WHAT THE EXERCISE ASKS → Please transcribe the data below in full. Omit any picture you find in it.
____ DATA SEGMENT
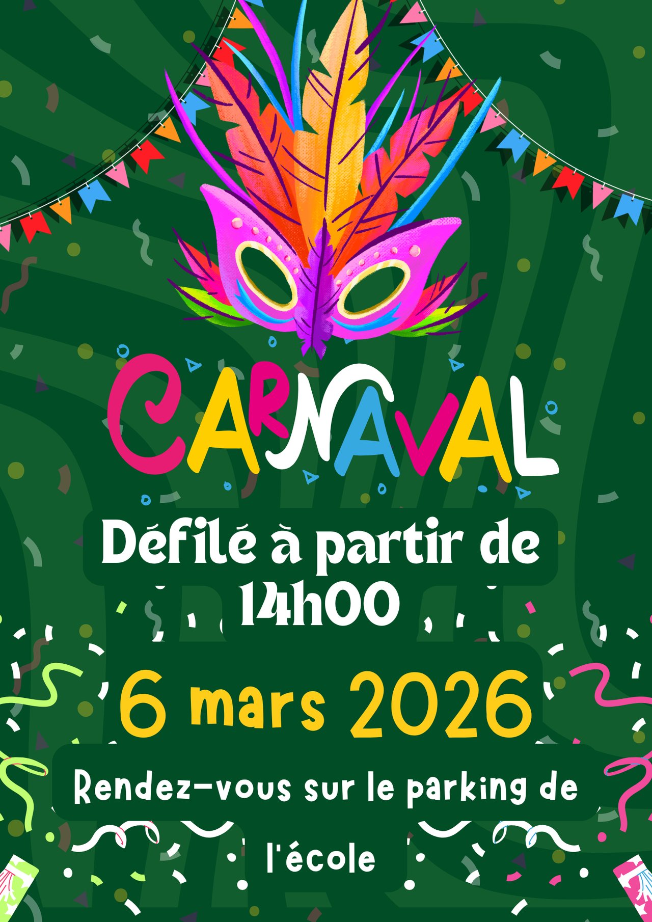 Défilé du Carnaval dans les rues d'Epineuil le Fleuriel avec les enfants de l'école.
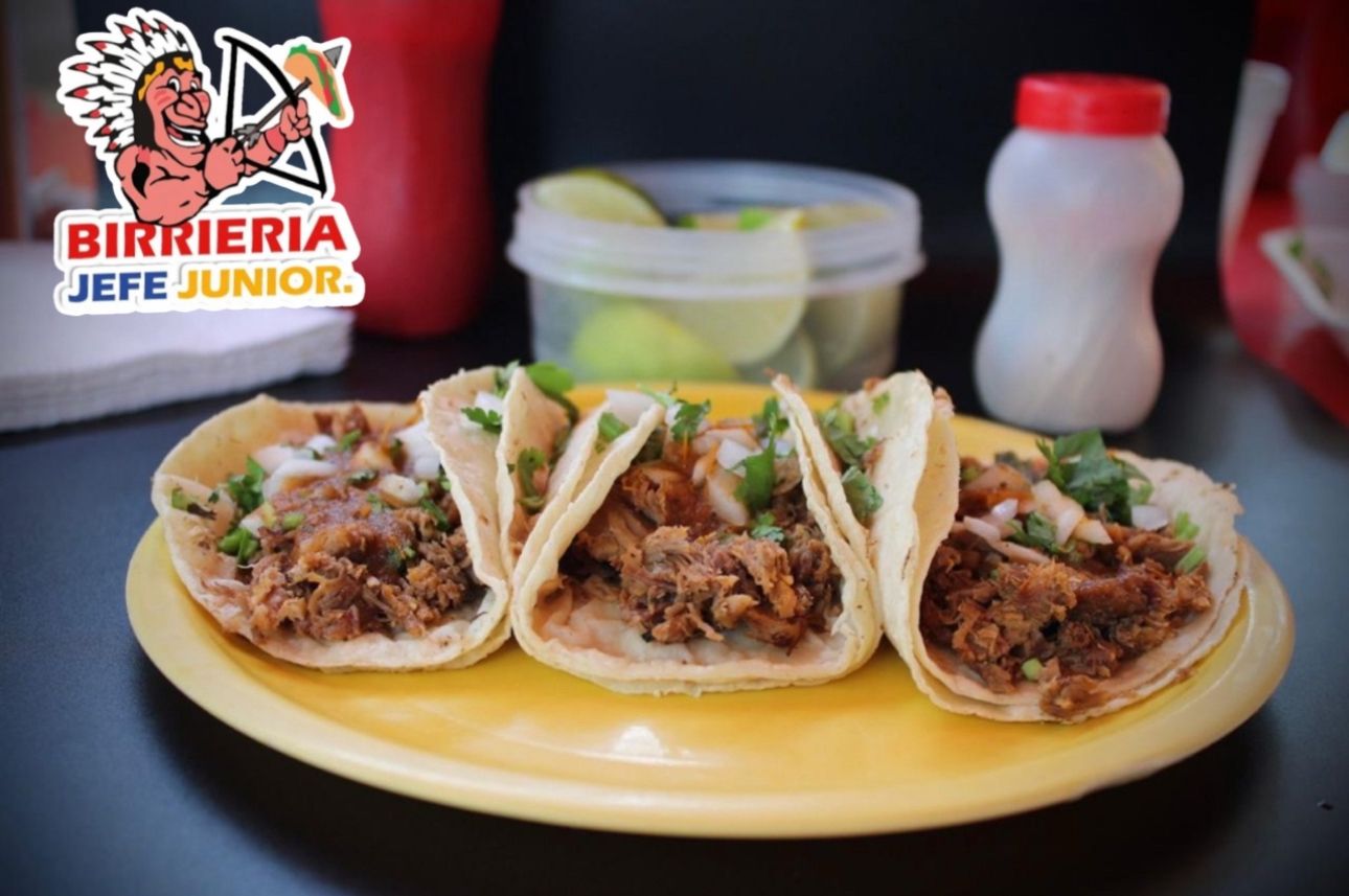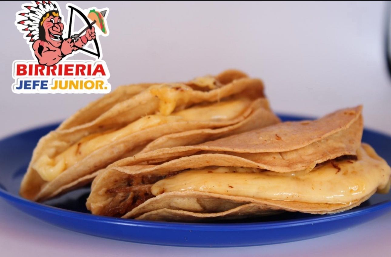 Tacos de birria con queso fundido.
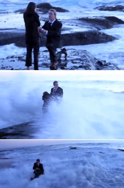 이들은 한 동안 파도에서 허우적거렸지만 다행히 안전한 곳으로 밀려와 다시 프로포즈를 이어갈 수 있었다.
________
PROBLEM SOLUTION →
 Défilé du Carnaval dans les rues d'Epineuil le Fleuriel avec les enfants de l'école.
 Tacos de birria con queso fundido.
 이들은 한 동안 파도에서 허우적거렸지만 다행히 안전한 곳으로 밀려와 다시 프로포즈를 이어갈 수 있었다.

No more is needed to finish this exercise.